Tala Mi Daw (, ; also တလမေဒေါ;  1368 – 1390) was the first wife of King Razadarit of Hanthawaddy. She was a half-sister of Razadarit and a daughter of King Binnya U by queen Sanda Dewi.

In late 1382, Daw eloped with her half-brother Binnya Nwe (Razadarit). They were soon caught. Because of the intervention of their aunt Princess Maha Dewi, the king relented and allowed the couple to be married. But soon after in May 1383, Nwe fled to Dagon (Yangon) to raise a rebellion. Binnya U died during the rebellion.

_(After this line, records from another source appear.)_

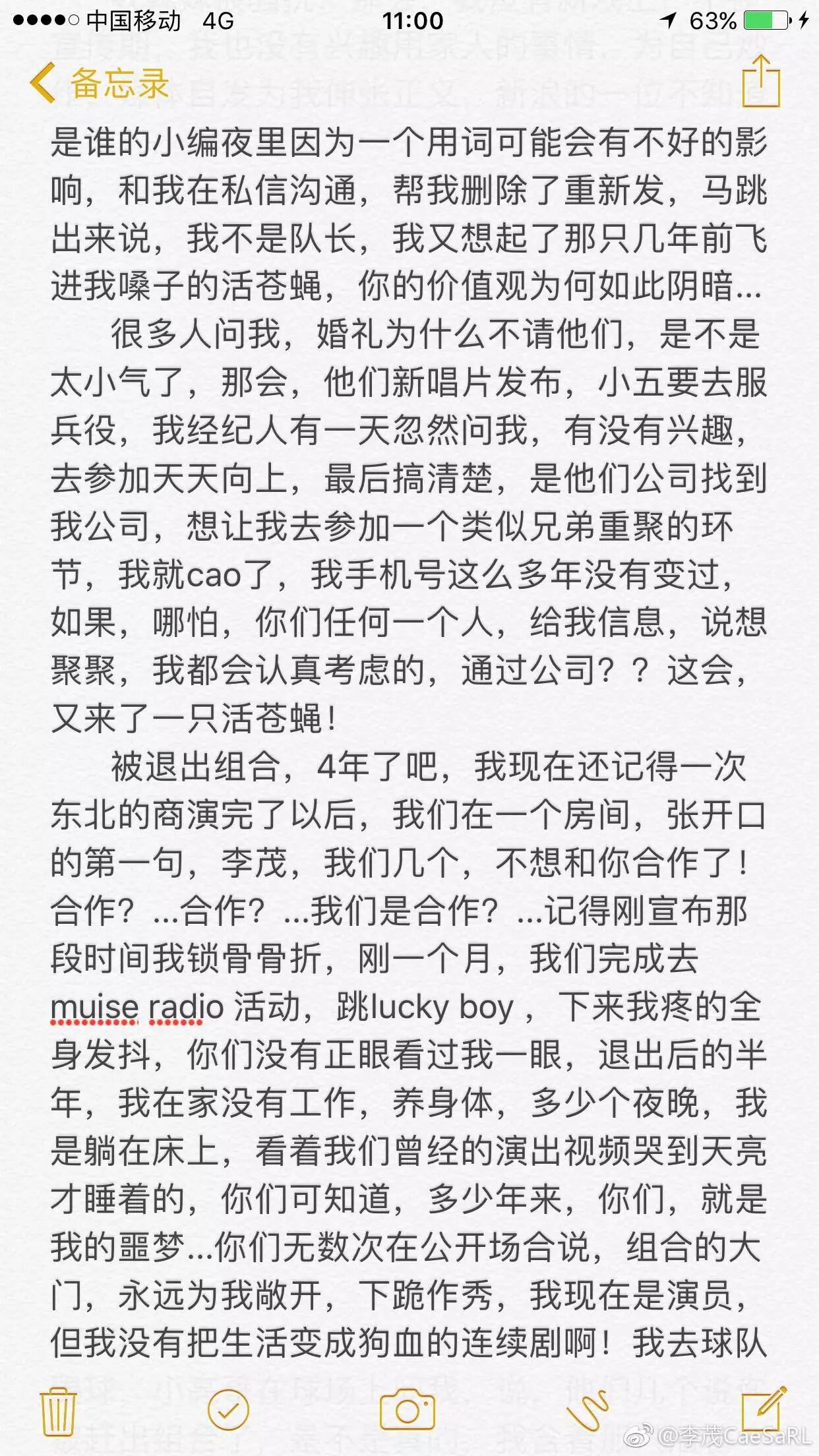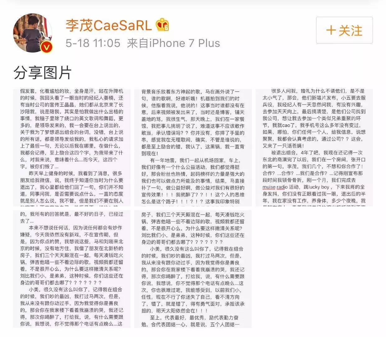 长篇大论中还提到了为什么结婚不请成员们,还拒绝了《天天向上》兄弟特辑的录制,讲述了组合内部各种撕X大战。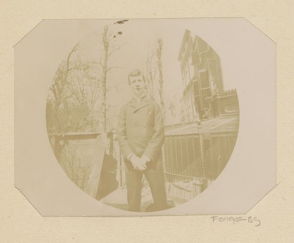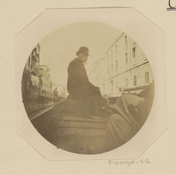 Editor: Here we have a gelatin silver print dating from between 1889 and 1893, entitled "Portrait of Willem Frederik Piek Sr. in a gondola in Venice.” It's such a simple composition, yet it evokes this intriguing feeling of travel and maybe a little bit of wistful contemplation. What jumps out at you? Curator: The figure, posed in profile against the backdrop of Venetian architecture, isn't merely a man in a boat. The gondola itself, the canals – they're loaded with cultural significance. Venice, particularly during that era, became synonymous with romanticism, decadence, even a kind of beautiful decay. Doesn't it suggest a meditation on time, memory, and perhaps the ephemeral nature of experience? Editor: I see what you mean. It’s not just a portrait, it's using Venice as a symbolic stage. So, how would that be read by someone viewing it in the late 19th century versus now? Curator: For a 19th-century viewer, the photograph probably conjured up existing literary and artistic associations with Venice. Now, perhaps we view it with an added layer of nostalgia, knowing the weight of history. We're seeing it through the lens of countless images and stories that have since been projected onto that city. Do you find that changes your own understanding of the photo? Editor: Definitely. Knowing that context makes me reconsider it. I initially saw it as just a man on vacation, but it clearly points to the complex interplay of visual signs and cultural history. Curator: Exactly! It's about unpacking the symbolic load that even a seemingly straightforward image carries. A rich reminder that visual culture and art always resonates and refers. Editor: Thanks so much. I definitely see more depth and intention in this photograph now.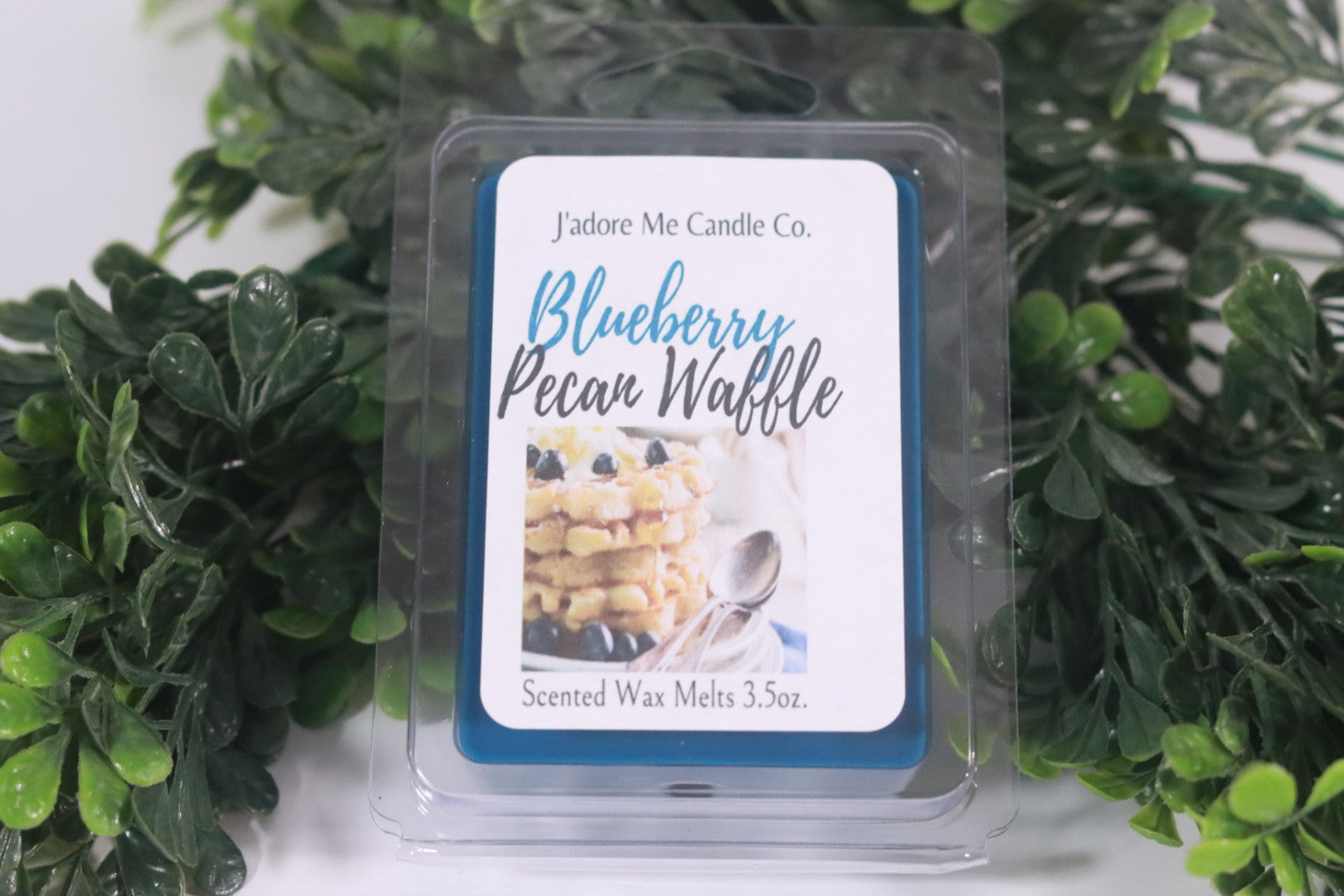 A mouthwatering medley of blueberries and maple syrup atop a stack of freshly made waffles.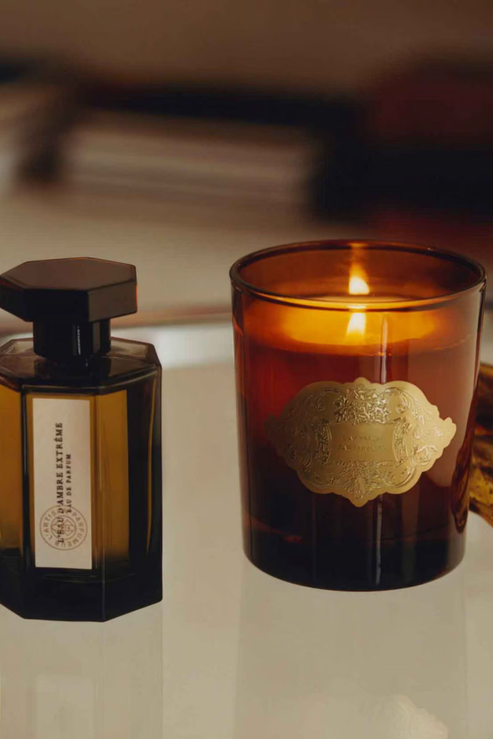 Grâce à l'accord Ambre original de L’Artisan Parfumeur, votre bougie diffuse un parfum subtil et chaleureux. Fabriquée en France, dans son écrin de verre brun orné de son blason doré, la bougie L'Ambre apporte une touche de raffinement à votre décor.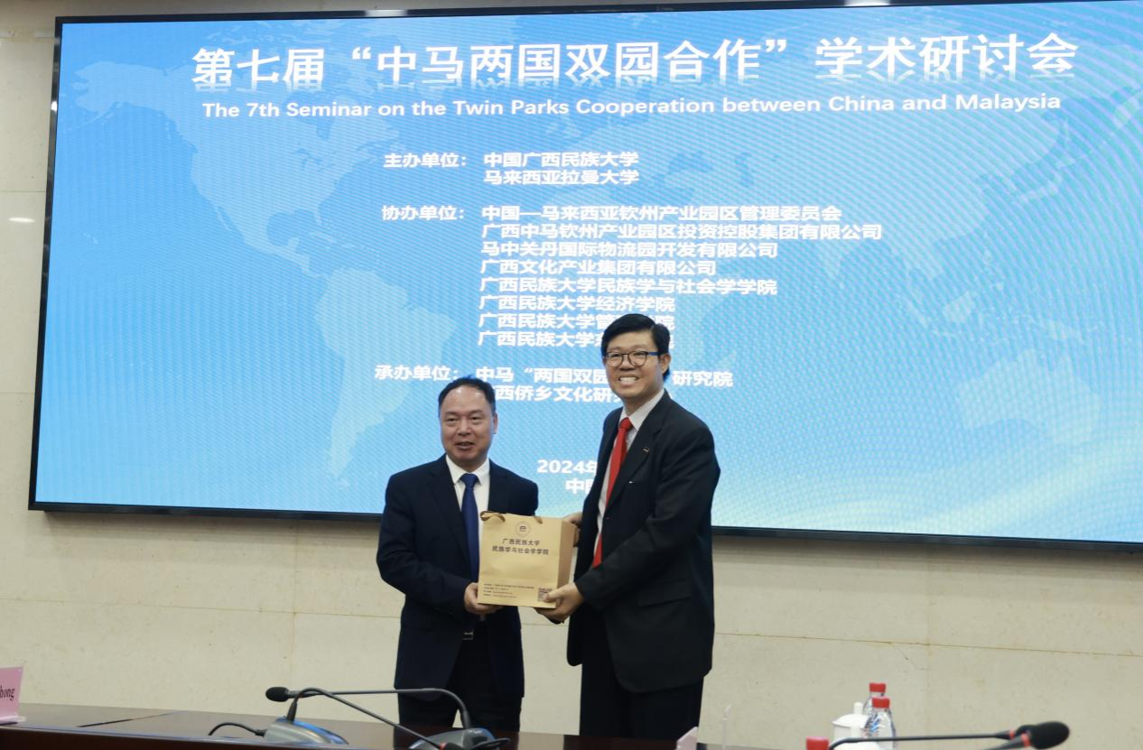 5月30日,第七届中马“两国双园”合作学术研讨会在广西钦州中马产业园区召开。研讨会由广西民族大学和马来西亚拉曼大学联合主办,五十多名来自中马两国高校的专家学者和相关企业代表参加了会议。

They had a son named Bawlawkyantaw. However King Razadarit's decision to keep the one-time flower seller Piya Yaza Dewi as his chief queen consort, led Tala Mi Daw to despair.

Razadarit grew tired of Tala Mi Daw and cast her aside, taking away all the jewels bestowed upon her by their father Binnya U. Heartbroken, Daw committed suicide in 1390.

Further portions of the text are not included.